Australian incumbents are under pressure from new FinTech startups. Now one of the leading bank executives has slammed new FinTech lenders’ interest rates.
Shayne Elliott, CEO at ANZ, was speaking at the Intersekt Fesstival in Melborune when he said that bank’s like his “would get caned” if they were behaving like some FinTech lenders.
He was talking about risk-based pricing for bank customers as a means of shoring up bank earnings when he started in on the short-term lending space, the Australian Financial Review reported.
“So we are starting to see a lot of growth in the payday lending space, which is high risk, I mean it meets a need but there are ethical questions about some of that,” Elliott said.
“There are businesses charging 35 and 40% interest and if we came out with a product like that we would get caned.”
While denying he was talking the buy-now-pay-later companies like Klarna, he stated his attack was targeting predatory lenders who charge individuals and businesses exorbitant amounts of interest for short term loans.
A similar discussion is happening in the US where regulators across the country has begun to investigate apps that allow people to tap into their salaries before their payday.

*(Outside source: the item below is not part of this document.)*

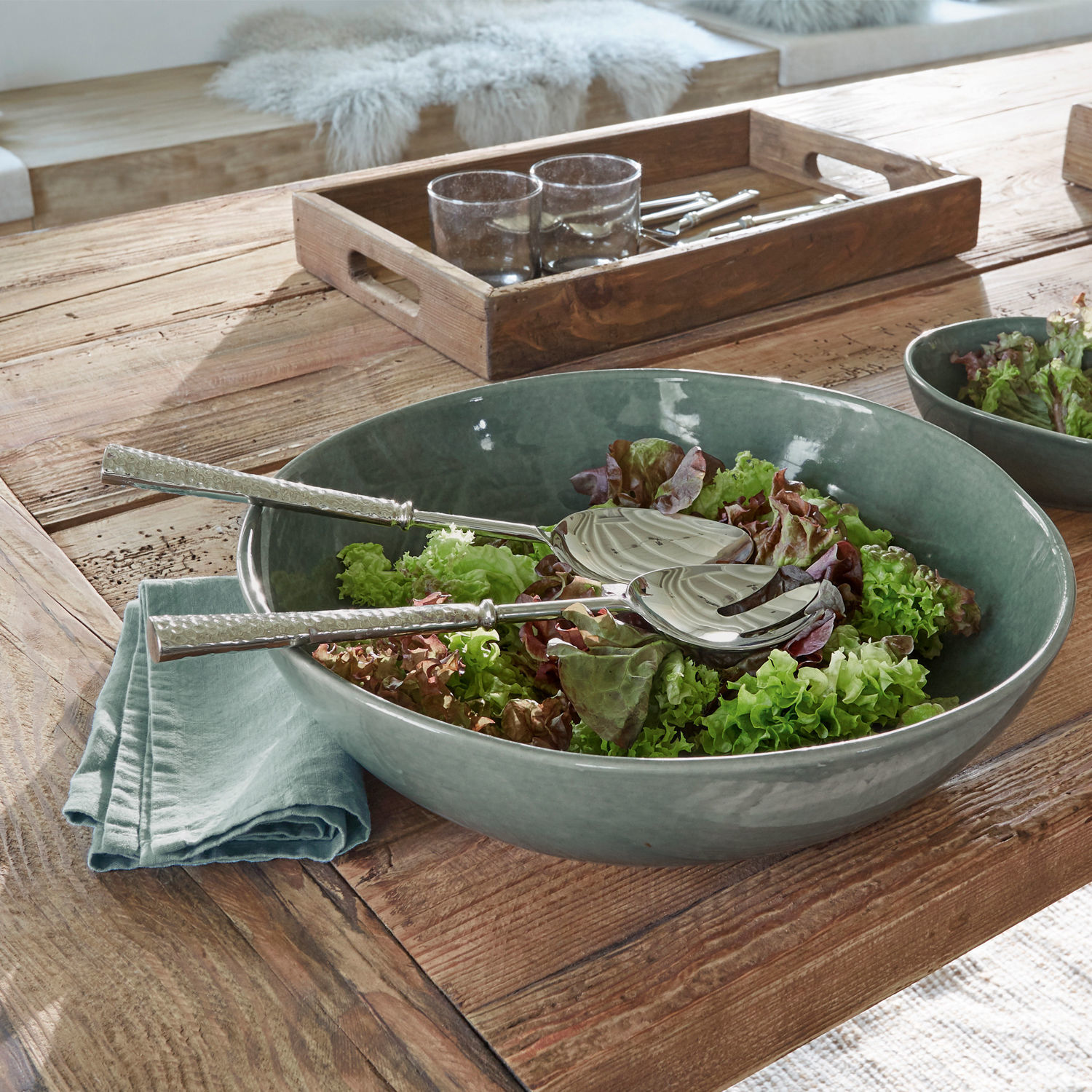 Ein wundervoll elegantes Accessoire, mit dem Ihre Tafel noch stilvoller wird. Das edle Salatbesteck aus rostfreiem Edelstahl bezaubert mit fein gehämmerten Details an den Griffen aus Messing, die der ansonsten klassischen Optik das besondere Etwas geben. Hiermit beweisen Sie guten Stil und können sich bei jeder Mahlzeit auf einen stilsicher gedeckten Tisch freuen. Das schicke Salatbesteck ist spülmaschinengeeignet, sodass Sie keine Mühe mit der Reinigung haben und es immer sauber glänzt. Das Auftun von Kartoffelsalat, grünen Salaten oder knackigem Gurkensalat wird hiermit zum Kinderspiel. Feine Details wie dieses sorgen für ein wunderbares Wohngefühl. Wir wünschen guten Appetit.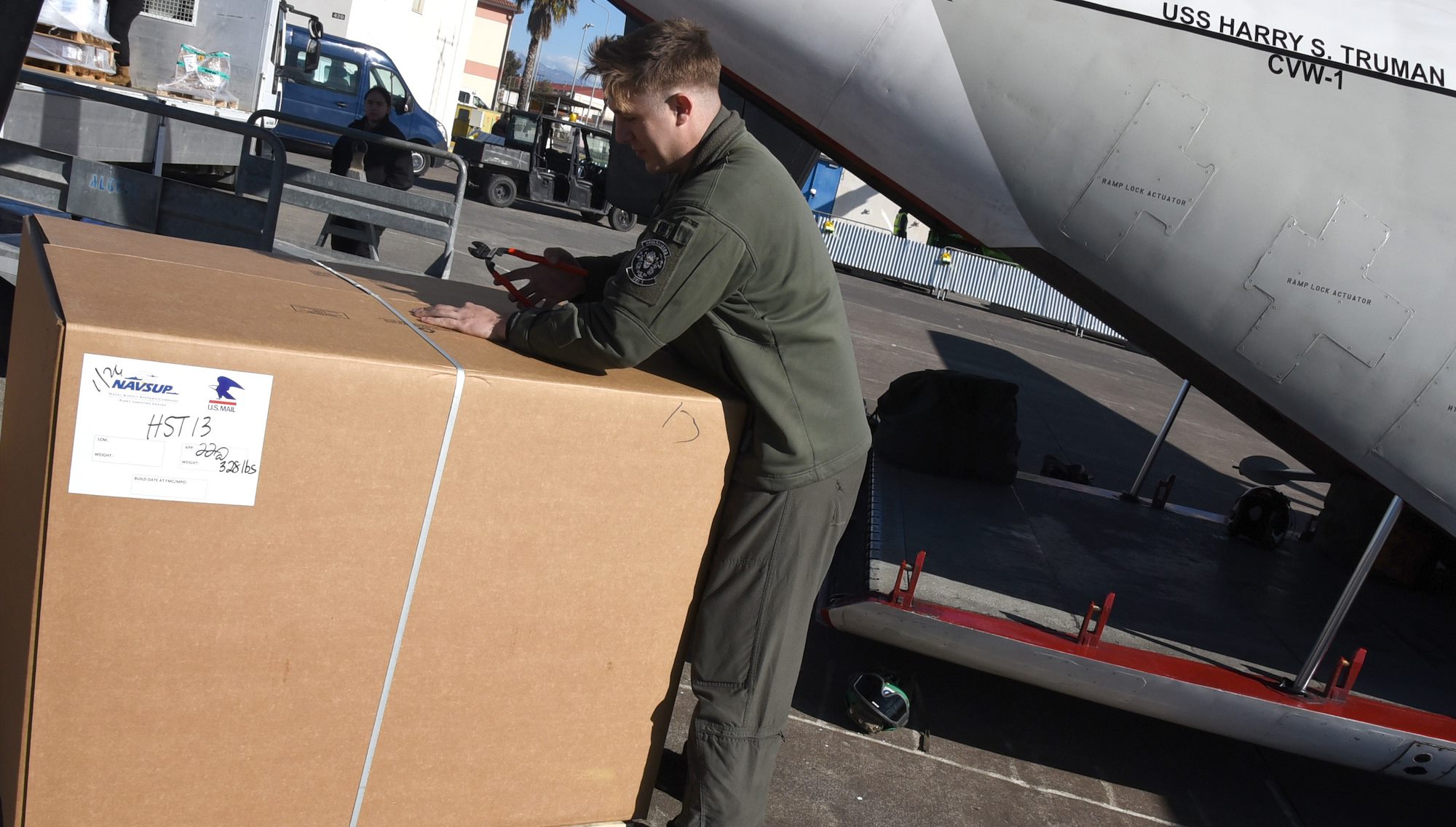 NAS SIGONELLA, Italy (Feb. 2, 2022) Naval Aircrewman Mechanical 2nd Class Timothy Pinckert, assigned to the Nimitz-class aircraft carrier USS Harry S. Truman (CVN 75) Beach Detachment 1, opens a container of mail destined for HST Carrier Strike Group (HSTCSG) crewmembers. The HSTCSG participated in the NATO-led activity Neptune Strike 2022, Jan. 24-Feb. 4, 2022. (U.S. Navy photo by Joe Yanik)

Just like in Australia, there are concerns about these companies essentially being payday lenders acting like FinTech companies.
The ANZ boss’ attack comes as traditional banks Down Under are facing off with the rise of new FinTech startups and challenger banks that have begun to wash over the country.
FinTech investment in Oz is on the rise. It has jumped from $109.2m in 2014 to $506.8m to suddenly skyrocket in 2019. In the year to date, the Australian FinTech industry has attracted $1.31bn, according to FinTech Global’s data.